My Smart Phone…

So Dan just bought himself a “Hero”…nope, not a sandwich like I originally thought, but a cell phone. It’s supposed to do everything you could ever hope for and more. So far I’ve been pretty unimpressed by its functionality and performance and, in thus observing what I’ve been told is the end all be all of cell phones, I’ve decided I’m going to design and launch my own, truly “smart”, phone. Here’s what she’ll have to offer:

Everyone raves and raves about tab browsing and touch sensory movement on the new and sparkly cell phones. YAWN. On my phone, I would be able not only to access the Internet, send and receive emails, and look up the latest on my buddy Kanye West, but I could actually teleport myself into whatever picture I was looking at and talk face to face with the featured celebrity and/or president. I could also employ the phone’s “Invisibility Mode” that would allow me to go undetected into the CNN news room and slap Nancy Grace across the face. Oh, your phone can’t teleport and make you invisible? LAME.
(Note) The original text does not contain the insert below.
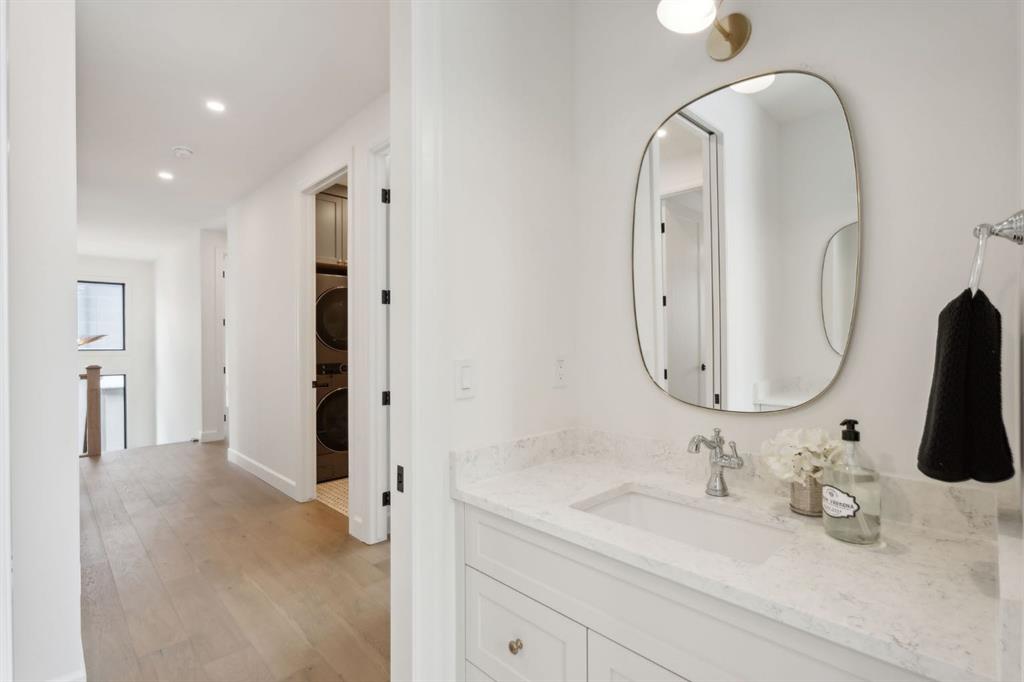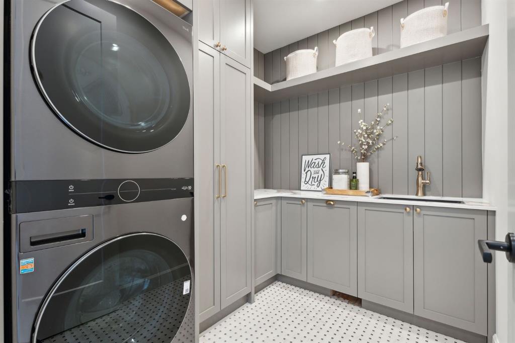 Upstairs, the primary suite is a haven of luxury, featuring vaulted ceilings, a white oak feature wall, a custom walk-in closet, and an opulent en-suite designed for ultimate relaxation. The second bedroom offers its own walk-in closet and en-suite bath, while the third and fourth bedrooms share a 5-piece bath with dual vanities. A spacious laundry room with a sink, cabinetry, and folding area completes the upper floor.

Secondly, my phone would be able to talk. Like Night Boat, or Teddy Ruxbin. And I don’t just mean talk like a stupid anamatronic  dog from the 80s that sounds like Stephen Hawking or some crap like that. I mean I could have whole conversations with my little device and it could answer back. Example:

me: “Smart Phone-who do you think will win the gold in pole vaulting at the next Olympics?”

SP: “Why, you of course oh Great Master of the Universe.”

me: “And who will win the next Nobel Prize in the fields of both Astrophysical Astronomy and World Peace?”

SP: “Again, you Master.”

That’s how I see my conversations going with my little friend the Smart Phone.

My last design involves a never ending supply of hot food. That’s right. My phone can cook. And serve. And clean up. At the push of a button Mr. Smarty Phone Pants (I think that’s what I’ll call it; MSPP) can make me a hot steak and potato dinner, serve it up on fine silver, and then dispose of the dishes in the blink of an eye. Blink Blink. It can cook fish, pasta, rice, and yes, of course, burritos.

So…I think my phone is totally going to pwn all of the other n00bs. Your phones will all look like sissy little girls trying out for the Sissy Little Girl of the Year Award when my MSPP come out. So you might as well just throw them away now.

One Response to “My Smart Phone…”

  1. EchoSchmecko Says:

    Roby? Could you please add a go-to-work-for-you ap and a disintegrate-loud-obnoxious-neighbors ap? Oh – and for the Los Angelenos, a parking-space-locator, and rude-parking-space-hog-annihilator ap would be amazing. Thanks.